I’ve always found the ‘it’s a black thang’ a lazy (and obvious) argument between the races so imagine my disappointment (and surprise) that she was trying to play the ‘race’ card-and against her own race (not to mention her own flesh and blood…unless she forget to tell me that I’m some immaculately conceived progeny that’s been checking the wrong ethnic box on the census all these years).

Anyway, there’s Alzheimer’s and there’s just plain old “whatchu talkin’ about Miss Cathy?”

Hair today, (not) washed tomorrow: Pt. l


I’ve found that some of the most combustible exchanges with the loved one in my charge revolve around hygiene.

You’d expect this to be true if it were a child in my care but I’m referring to the seventy-five (going on five) year old Miss Cathy.

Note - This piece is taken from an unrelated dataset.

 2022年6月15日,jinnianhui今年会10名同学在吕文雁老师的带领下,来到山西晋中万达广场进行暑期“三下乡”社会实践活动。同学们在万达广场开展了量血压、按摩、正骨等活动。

Since becoming my mother’s caregiver 3+ years ago we’ve clashed over many things; cooking (she shouldn’t) exercise (she should) and various and sundry other issues but none seem to bubble over the side of the tub of reason and burst into an argument the way the topic of bathing and washing her hair do (does).

I’m not sure if it’s the reversal of roles, the child now parenting the parent or embarrassment; although after wiping your parents’ rear after helping them in the bathroom you’d think that ship had long since sailed.

Believe me, it’s not that I want to be the “bath bully” anymore than I want to be on “poo patrol” but Alzheimer’s isn’t just about reminding your loved one where they put their favorite blouse.

It can start off that way, all clean and innocent; a misplaced book here, a forgotten appointment there, and if that’s where you are in the disease with your loved one…enjoy!

In time you will look back on all the frustration and change you faced during the first stage of the diagnosis and realize that those were the “Halcyon days”.

As for my current dilemma I am at a quandary as to what I should do; ‘rinse’ (leave her alone) or ‘repeat’ (continue to motivate her to be better).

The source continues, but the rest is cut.